◆ WHAT YOU ARE ASKED TO DO: Copy out each record that follows exactly, and omit any picture you find.

--------------------------------

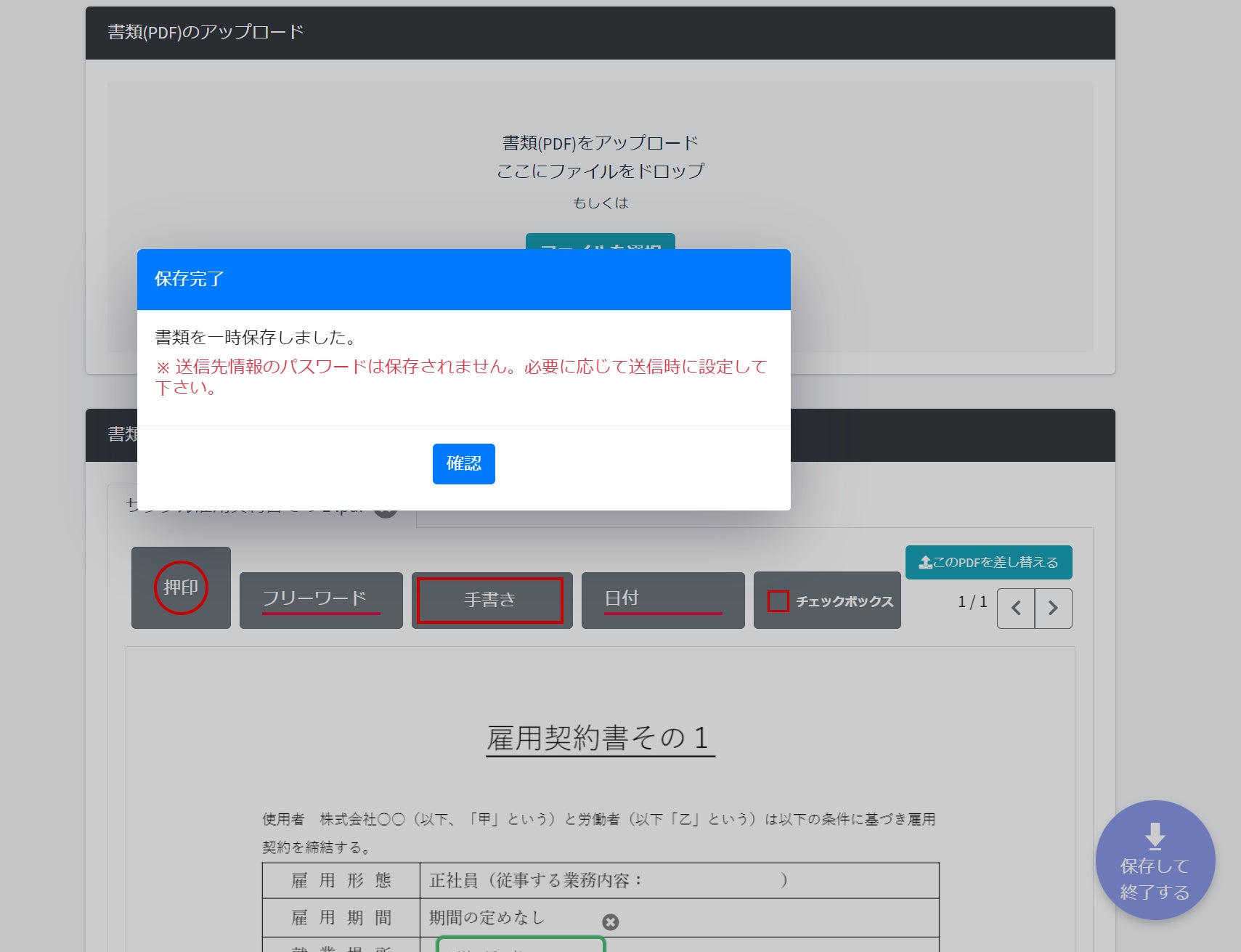 ※画面右下の保存して終了するを押下で一時保存可能です
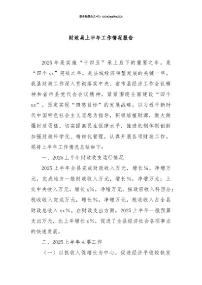 【七哥公文】2025年:【七哥公文】财政局上半年工作情况报告+更多免费公文+VX:QiGeGongWen2024+更多免费公文+VX:QiGeGongWen2024
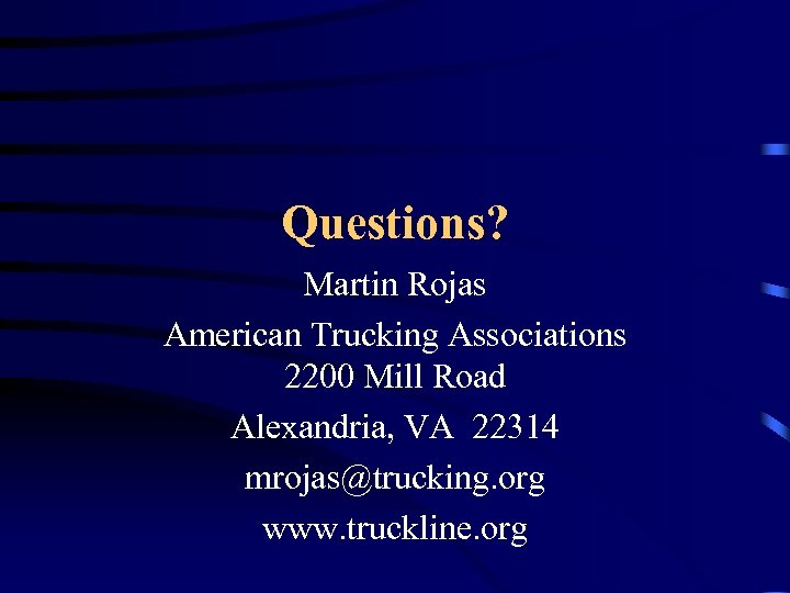 Questions? Martin Rojas American Trucking Associations 2200 Mill Road Alexandria, VA 22314 mrojas@trucking. org www. truckline. org
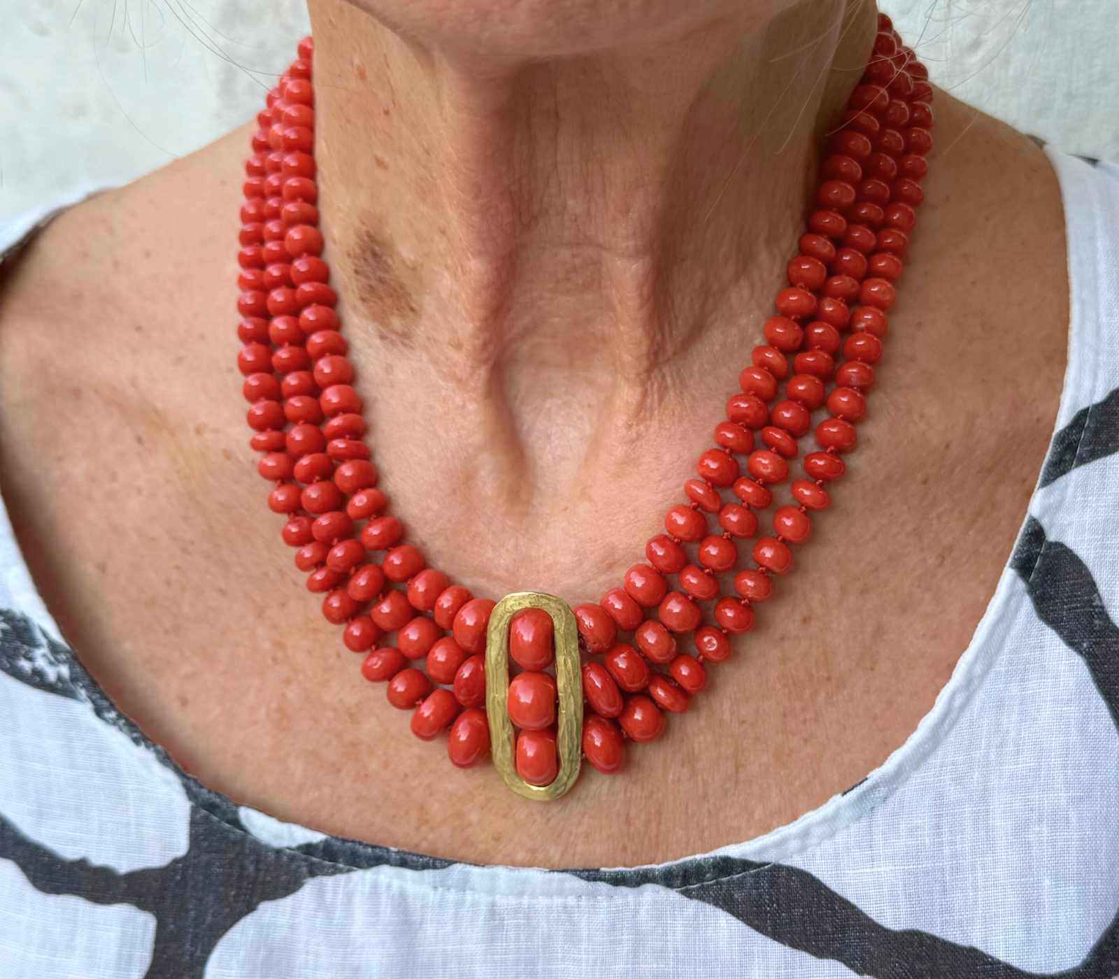 Questo collana in oro giallo 750 e tre fili di corallo rosso mediterraneo è lavorata interamente a mano nel nostro laboratorio orafo di Vicenza secondo l'antica tecnica della cera persa.
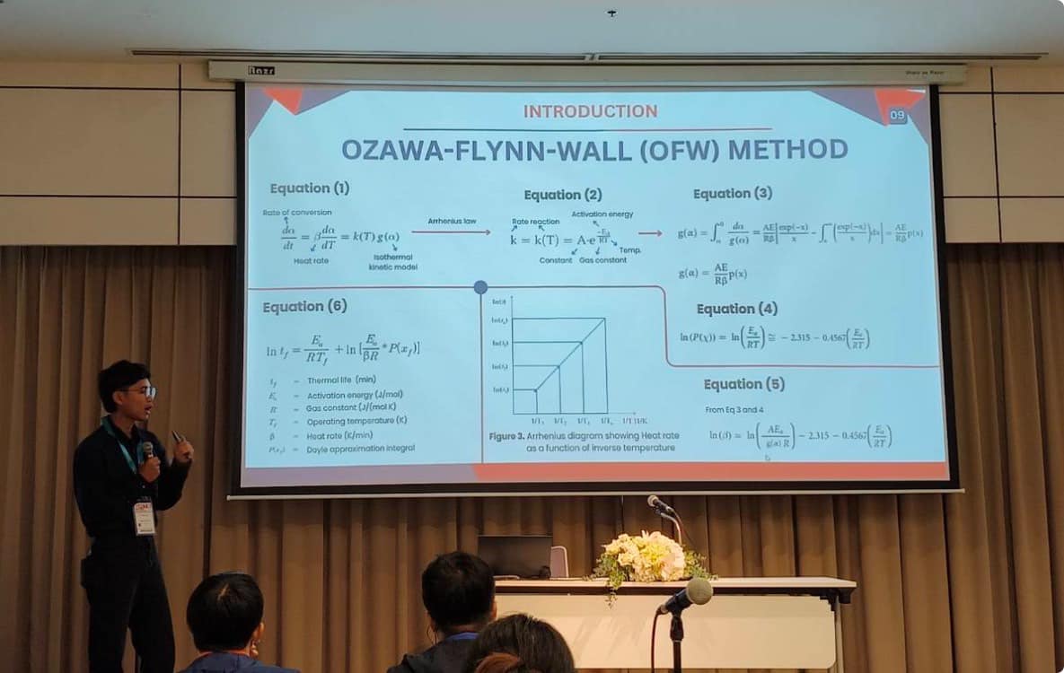 - นายสุทิวัส ทุมรัตน์ นิสิตระดับบัณฑิตศึกษาในที่ปรึกษาของ อาจารย์ ดร. วีระวุฒิ แนบเพชร นำเสนอผลงานทางวิชาการแบบบรรยายเรื่องการทำนายอายุการใช้งานของยางเบลนด์ระหว่างยางธรรมชาติและยางรีเคลมด้วยเทคนิคการวิเคราะห์การเปลี่ยนแปลงน้ำหนักด้วยความร้อน
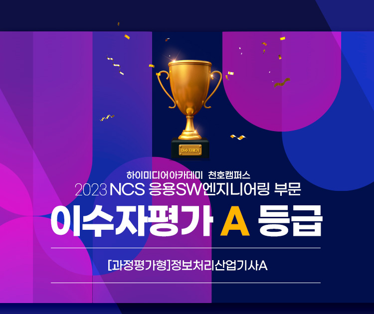 하이미디어 아카데미 천호캠퍼스가 이수자 평가 A등급을 획득하였습니다.

--------------------------------

◆ REPLY:
 ※画面右下の保存して終了するを押下で一時保存可能です
 【七哥公文】2025年:【七哥公文】财政局上半年工作情况报告+更多免费公文+VX:QiGeGongWen2024+更多免费公文+VX:QiGeGongWen2024
 Questions? Martin Rojas American Trucking Associations 2200 Mill Road Alexandria, VA 22314 mrojas@trucking. org www. truckline. org
 Questo collana in oro giallo 750 e tre fili di corallo rosso mediterraneo è lavorata interamente a mano nel nostro laboratorio orafo di Vicenza secondo l'antica tecnica della cera persa.
 - นายสุทิวัส ทุมรัตน์ นิสิตระดับบัณฑิตศึกษาในที่ปรึกษาของ อาจารย์ ดร. วีระวุฒิ แนบเพชร นำเสนอผลงานทางวิชาการแบบบรรยายเรื่องการทำนายอายุการใช้งานของยางเบลนด์ระหว่างยางธรรมชาติและยางรีเคลมด้วยเทคนิคการวิเคราะห์การเปลี่ยนแปลงน้ำหนักด้วยความร้อน
 하이미디어 아카데미 천호캠퍼스가 이수자 평가 A등급을 획득하였습니다.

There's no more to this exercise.